Here’s the plan for the next few weeks:

  • Through 11/16: Public Allies board meeting in Milwaukee, and the weekend in Chicago with friends.
  • 11/16 – 12/3: In Jackson visiting Darren. I’ll be processing the K-12 journey and writing about many of the experiences I’ve been dying to share but haven’t had time. Expect flashbacks all the way to the start of my reschooling in kindergarten, and handouts galore.
  • 12/3 – 12/6: Santa Clara University. I get to stay in the dorms and visit classes. I’ll also be making a presentation to a UC Berkeley Education class about Reschool Yourself.
  • 12/6 – 12/24: School follow-ups and educational autobiography. As I draft the book proposal, I’ll pop back into my old classrooms to snap photos and ask follow-up questions. I’ll also go through old photos and keepsakes from each grade to piece together an “educational autobiography” that traces my evolution through school. I think everyone could benefit from doing this, and I’ll share my own process.
  • Spring – I promise to write an update in the next few days about what the spring will hold.

Stay tuned. I’m looking forward to sharing amusing anecdotes and my conclusions thus far, as well as hearing about your school experiences. Thanks to those of you who are sharing — I’ve always intended for the site to be a forum for people to reflect on their education and story-swap. To those of you who are reading but don’t comment….PLEASE COMMENT! It would be nice to know that you’re out there.

Gratitude Upon Graduation

I have just a few minutes to post before I leave St. Vincent High School, so this post will be much shorter and more off the cuff than usual. I spent my lunch period talking with my old principal — who now teaches World History — and I ended up skipping Literature class because we were having such an in-depth conversation. We talked about how the school has changed and remained the same, what we hope formal education does for students, and how we’ve changed as individuals over the years. The conversation reminded me of how much I love St. Vincent High School, and that feeling has stayed with me all day. I’ve had similar conversations with several of my old teachers during the last couple of weeks, and they’ve been the highlight of my visit. I am trying to make sense of this paradox: I suffered quite a bit in the school system and believe it’s in need of major change, but I love this school that is a part of that system.

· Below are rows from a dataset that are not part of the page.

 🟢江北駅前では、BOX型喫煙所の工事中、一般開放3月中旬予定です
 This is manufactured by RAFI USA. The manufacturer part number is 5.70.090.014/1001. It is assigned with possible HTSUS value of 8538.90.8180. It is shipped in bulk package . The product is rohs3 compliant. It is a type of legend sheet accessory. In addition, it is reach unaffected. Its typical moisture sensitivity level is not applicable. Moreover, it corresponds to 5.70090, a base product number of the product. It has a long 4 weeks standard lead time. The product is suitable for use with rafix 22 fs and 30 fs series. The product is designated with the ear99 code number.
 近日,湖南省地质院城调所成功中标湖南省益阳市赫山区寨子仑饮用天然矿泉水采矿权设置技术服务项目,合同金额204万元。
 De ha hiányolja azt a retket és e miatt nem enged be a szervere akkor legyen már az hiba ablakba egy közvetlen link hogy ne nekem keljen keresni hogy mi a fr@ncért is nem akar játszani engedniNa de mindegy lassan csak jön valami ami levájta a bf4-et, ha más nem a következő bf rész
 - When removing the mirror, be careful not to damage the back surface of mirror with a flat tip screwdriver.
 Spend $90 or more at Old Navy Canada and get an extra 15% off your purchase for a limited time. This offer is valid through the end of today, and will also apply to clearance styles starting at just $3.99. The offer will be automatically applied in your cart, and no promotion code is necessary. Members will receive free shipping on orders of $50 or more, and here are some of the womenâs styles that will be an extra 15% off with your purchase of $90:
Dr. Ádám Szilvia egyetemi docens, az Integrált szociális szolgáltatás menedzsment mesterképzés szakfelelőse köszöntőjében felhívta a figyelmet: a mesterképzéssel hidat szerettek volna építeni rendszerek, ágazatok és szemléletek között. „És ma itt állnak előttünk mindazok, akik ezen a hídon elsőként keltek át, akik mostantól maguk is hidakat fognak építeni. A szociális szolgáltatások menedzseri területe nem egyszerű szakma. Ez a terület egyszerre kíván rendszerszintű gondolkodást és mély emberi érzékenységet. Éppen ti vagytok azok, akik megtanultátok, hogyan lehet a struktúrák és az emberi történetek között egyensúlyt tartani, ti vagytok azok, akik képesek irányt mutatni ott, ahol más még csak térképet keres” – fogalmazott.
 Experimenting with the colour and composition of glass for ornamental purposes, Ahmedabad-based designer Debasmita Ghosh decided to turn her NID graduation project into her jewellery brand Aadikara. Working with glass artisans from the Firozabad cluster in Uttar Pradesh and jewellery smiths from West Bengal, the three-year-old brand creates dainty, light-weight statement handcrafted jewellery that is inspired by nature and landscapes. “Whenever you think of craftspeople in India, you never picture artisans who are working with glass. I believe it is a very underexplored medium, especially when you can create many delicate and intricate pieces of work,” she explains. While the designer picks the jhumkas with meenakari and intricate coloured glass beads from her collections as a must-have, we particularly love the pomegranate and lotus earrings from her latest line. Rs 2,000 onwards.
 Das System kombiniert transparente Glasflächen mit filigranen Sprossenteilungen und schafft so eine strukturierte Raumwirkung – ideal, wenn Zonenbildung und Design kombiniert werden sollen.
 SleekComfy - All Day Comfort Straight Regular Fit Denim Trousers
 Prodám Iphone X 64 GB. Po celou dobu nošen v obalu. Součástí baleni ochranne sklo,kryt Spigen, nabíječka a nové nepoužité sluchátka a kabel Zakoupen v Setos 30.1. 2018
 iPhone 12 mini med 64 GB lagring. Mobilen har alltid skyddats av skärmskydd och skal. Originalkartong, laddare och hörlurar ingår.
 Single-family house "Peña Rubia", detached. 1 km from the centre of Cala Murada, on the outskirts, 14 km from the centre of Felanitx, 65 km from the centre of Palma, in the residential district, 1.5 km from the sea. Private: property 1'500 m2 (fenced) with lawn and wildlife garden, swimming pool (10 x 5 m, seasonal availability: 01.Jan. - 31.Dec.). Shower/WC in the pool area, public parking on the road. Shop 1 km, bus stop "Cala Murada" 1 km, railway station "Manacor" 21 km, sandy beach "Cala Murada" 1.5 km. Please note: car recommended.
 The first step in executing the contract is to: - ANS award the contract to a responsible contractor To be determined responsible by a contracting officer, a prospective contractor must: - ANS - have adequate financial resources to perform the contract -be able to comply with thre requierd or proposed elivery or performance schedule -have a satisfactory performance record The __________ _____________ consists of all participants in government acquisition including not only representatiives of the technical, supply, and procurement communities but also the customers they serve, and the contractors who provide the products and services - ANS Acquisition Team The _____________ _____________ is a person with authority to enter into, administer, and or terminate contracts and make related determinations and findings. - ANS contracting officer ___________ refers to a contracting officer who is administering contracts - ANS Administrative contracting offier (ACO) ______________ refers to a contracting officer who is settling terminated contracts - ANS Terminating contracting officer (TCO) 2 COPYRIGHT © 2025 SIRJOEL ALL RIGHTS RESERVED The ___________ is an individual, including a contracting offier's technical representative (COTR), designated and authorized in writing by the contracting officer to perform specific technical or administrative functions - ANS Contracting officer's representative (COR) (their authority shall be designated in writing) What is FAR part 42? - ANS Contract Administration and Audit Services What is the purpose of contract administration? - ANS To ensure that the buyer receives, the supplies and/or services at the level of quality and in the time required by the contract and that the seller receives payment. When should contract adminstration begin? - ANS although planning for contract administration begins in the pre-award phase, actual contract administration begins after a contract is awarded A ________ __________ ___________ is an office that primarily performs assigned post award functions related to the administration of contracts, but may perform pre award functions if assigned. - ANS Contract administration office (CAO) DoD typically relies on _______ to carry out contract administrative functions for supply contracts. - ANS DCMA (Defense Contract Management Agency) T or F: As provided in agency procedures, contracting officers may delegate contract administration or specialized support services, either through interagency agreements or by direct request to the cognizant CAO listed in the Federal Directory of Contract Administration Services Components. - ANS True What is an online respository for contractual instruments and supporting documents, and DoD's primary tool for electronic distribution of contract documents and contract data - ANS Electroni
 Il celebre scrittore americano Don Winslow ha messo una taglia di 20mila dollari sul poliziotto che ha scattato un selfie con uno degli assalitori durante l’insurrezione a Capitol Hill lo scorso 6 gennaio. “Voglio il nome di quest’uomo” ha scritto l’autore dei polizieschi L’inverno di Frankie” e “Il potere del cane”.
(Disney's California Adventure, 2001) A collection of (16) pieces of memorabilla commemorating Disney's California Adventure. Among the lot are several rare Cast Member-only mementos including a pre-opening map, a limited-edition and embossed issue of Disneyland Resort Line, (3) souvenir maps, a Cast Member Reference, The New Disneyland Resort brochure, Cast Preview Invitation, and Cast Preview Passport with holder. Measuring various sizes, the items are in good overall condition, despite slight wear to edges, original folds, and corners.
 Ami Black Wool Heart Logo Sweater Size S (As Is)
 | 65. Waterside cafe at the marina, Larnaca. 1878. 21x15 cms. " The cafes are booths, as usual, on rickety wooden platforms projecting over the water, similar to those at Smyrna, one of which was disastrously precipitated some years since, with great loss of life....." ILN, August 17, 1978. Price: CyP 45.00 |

Even when I was a student, I always appreciated the teachers and the community. Even the teachers that have a traditional authoritative style sincerely care about their students, respect their opinions, and get to know them on a personal level. They make it clear to students that they matter. Although I believe that the school system has gone wrong in many ways — including memorization of specialized material, strict rules, and competitive grading — something is right with my high school, and with my elementary and middle schools. What’s right with my schools is the people. Generally speaking, the teachers are doing their best within a very complicated system that has taken on a life of its own, perpetuated by thousands of people and institutions, parents and administrators and the whole University of California system. Most don’t even realize that schools can look completely different than the norm, and that they may not need some of the components we assume they do.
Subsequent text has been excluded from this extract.